EXERCISE REQUIREMENTS: Every line of the material is to be returned verbatim. Pictures stay out.

DATASET CONTENT:
################

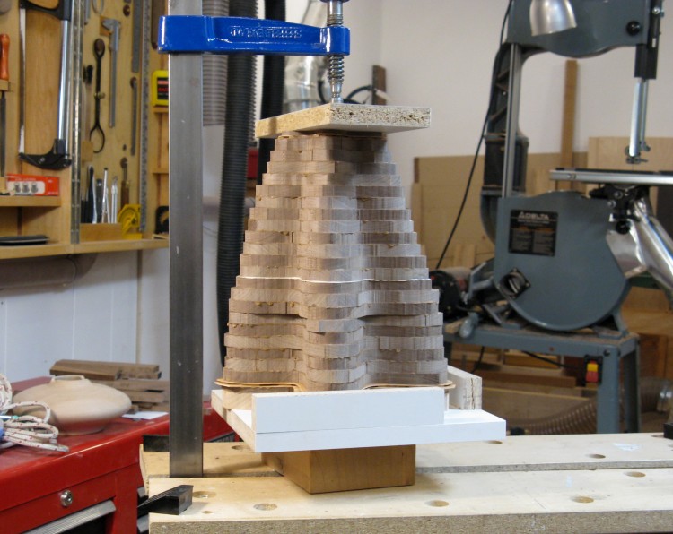 One complication to the gluing was that I decided to flip every second layer so that the grain on adjacent layers would show a bit more contrast. As a result, I needed to keep track of the orientation of the pieces in adjacent stacks.
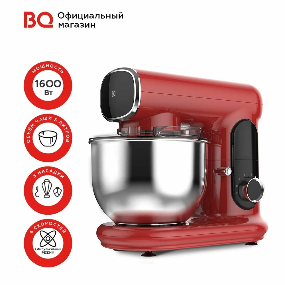 Планетарный миксер с чашей BQ MX822 Красный / Мощность 1600 Вт / 6 скоростей 8 244 ₽
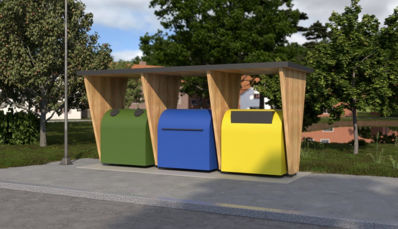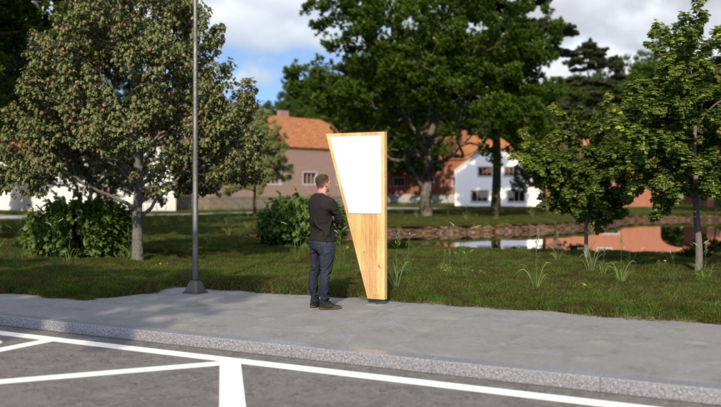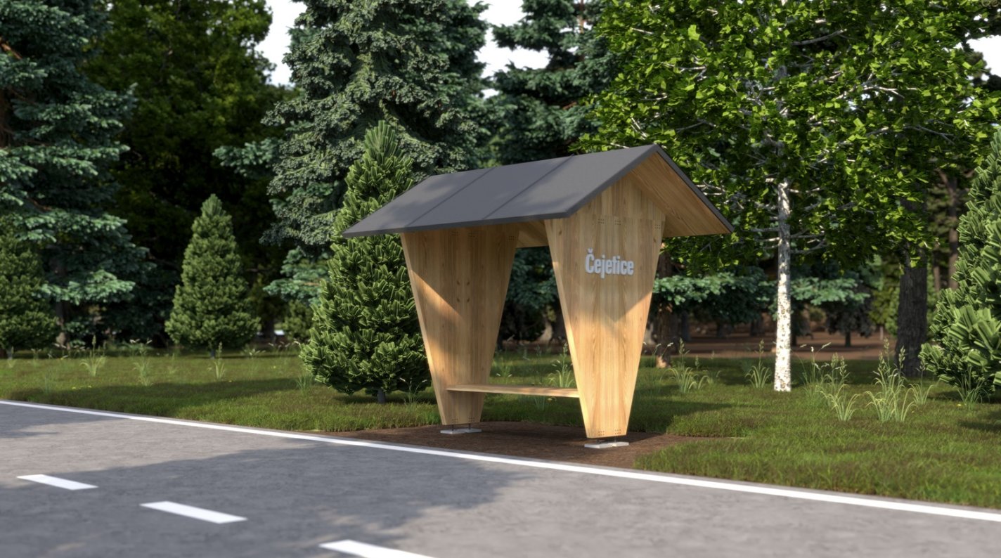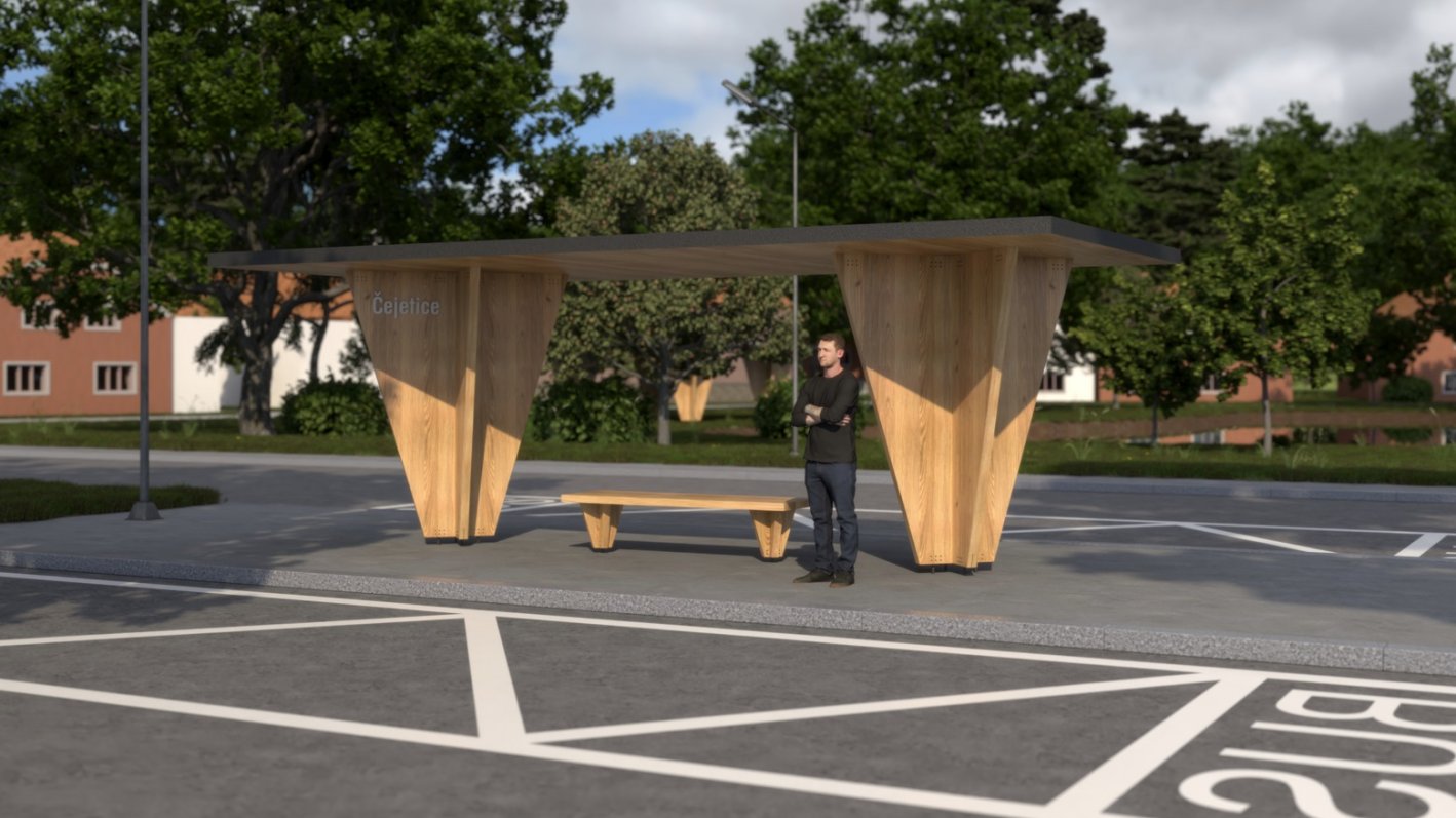 Každý objekt vychází z jednoduchého a efektivního konstrukčního principu – jeden CLT panel je rozříznut úhlopříčně, čímž vzniknou dva shodné díly. Ty se následně využívají jako boční stěny, které nesou střechu, lavičku či jinou funkční část a současně se stávají výrazným architektonickým prvkem celé sestavy. Tento přístup minimalizuje odpad, zjednodušuje výrobu a zároveň vytváří jednotný vizuální jazyk pro všechny prvky mobiliáře. Dřevěná textura CLT panelů zůstává přiznaná, což podtrhuje přírodní charakter materiálu a jeho spojení s místním kontextem. V návrhu je kladen důraz na funkčnost, odolnost a snadnou údržbu.

################

SOLUTION TO THIS TASK:
 One complication to the gluing was that I decided to flip every second layer so that the grain on adjacent layers would show a bit more contrast. As a result, I needed to keep track of the orientation of the pieces in adjacent stacks.
 Планетарный миксер с чашей BQ MX822 Красный / Мощность 1600 Вт / 6 скоростей 8 244 ₽
 Každý objekt vychází z jednoduchého a efektivního konstrukčního principu – jeden CLT panel je rozříznut úhlopříčně, čímž vzniknou dva shodné díly. Ty se následně využívají jako boční stěny, které nesou střechu, lavičku či jinou funkční část a současně se stávají výrazným architektonickým prvkem celé sestavy. Tento přístup minimalizuje odpad, zjednodušuje výrobu a zároveň vytváří jednotný vizuální jazyk pro všechny prvky mobiliáře. Dřevěná textura CLT panelů zůstává přiznaná, což podtrhuje přírodní charakter materiálu a jeho spojení s místním kontextem. V návrhu je kladen důraz na funkčnost, odolnost a snadnou údržbu.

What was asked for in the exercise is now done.